Kretzmann: So along those lines, one last question for you. At The Motley Fool, we're investors focused on the long-term. What are some of the main metrics investors should be watching over the next three to five years to gauge the success of 2U?
Paucek: When we IPO'd, we told people we would reach adjusted EBITDA profitability in three to five years, because the early programs are generating profit, and the newer programs don't. It takes time for a newer program to start generating a return. And what's happening at 2U -- one of the reasons more people are getting interested in our company as an investment -- is that the company is getting significantly closer to that period. So this past year [of] 2016 was our first year of being adjusted EBITDA profitable as a company, and that's a couple of years ahead of where we thought it would be at the time of the IPO. So that's kind of a critical metric.

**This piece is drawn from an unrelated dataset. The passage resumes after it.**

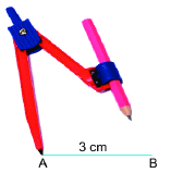 – Lấy A, B làm tâm, vẽ hai đường tròn bán kính 3 cm.
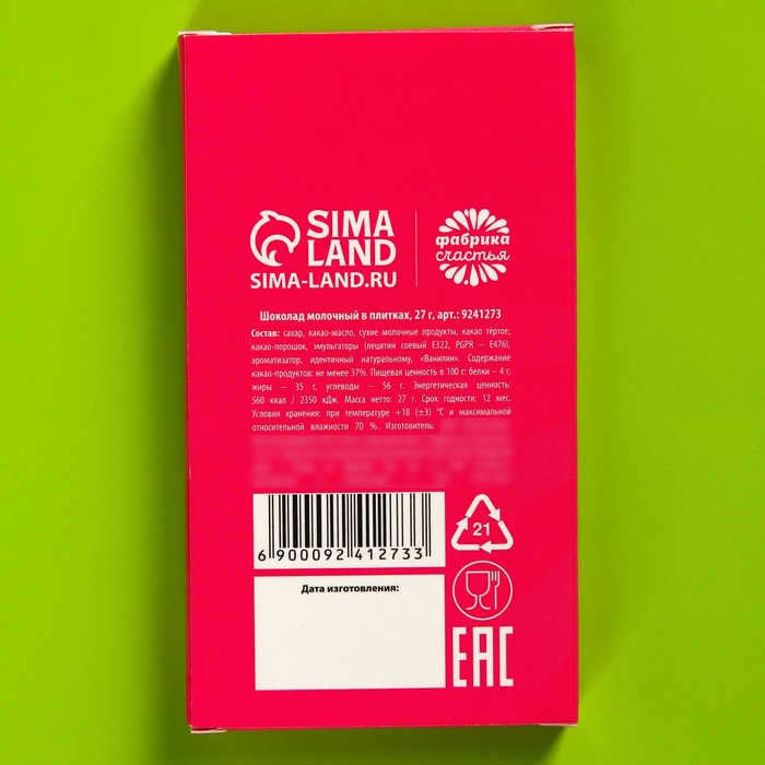 Состав: сахар, какао-масло, сухие молочные продукты, какао тёртое, какао-порошок, эмульгаторы (лецитин соевый Е322, PGPR – E476), ароматизатор, идентичный натуральному, «Ванилин».

We've also told investors to expect that each program that we bring in can generate somewhere in the ballpark of $16 million of revenue per year when they get to a steady state. And so bringing in more programs, announcing more programs is a key catalyst for our company as an investment. So investors pay a lot of attention to our program announcements and as I mentioned, you'll see some soon.
Kretzmann: Great. Well, we'll leave it at that. Chip Paucek, thank you ...
Paucek: Can I give you my hashtag, though?
Paucek: Our hashtag is #NoBackRow.
Paucek: #NoBackRow. Everybody knows the back row -- the seats closest to the exits. What if you could eliminate that back row and bring every student forward? And we think that's what it feels like to be in one of our programs, because when you're in that Brady Bunch format, you're in the front row. You're definitely in the front row. So no back row.
Kretzmann: No back row. We'll leave it at that. Chip Paucek, co-founder and CEO of 2U, thank you so much for taking the time. We really appreciate it, and Fool on!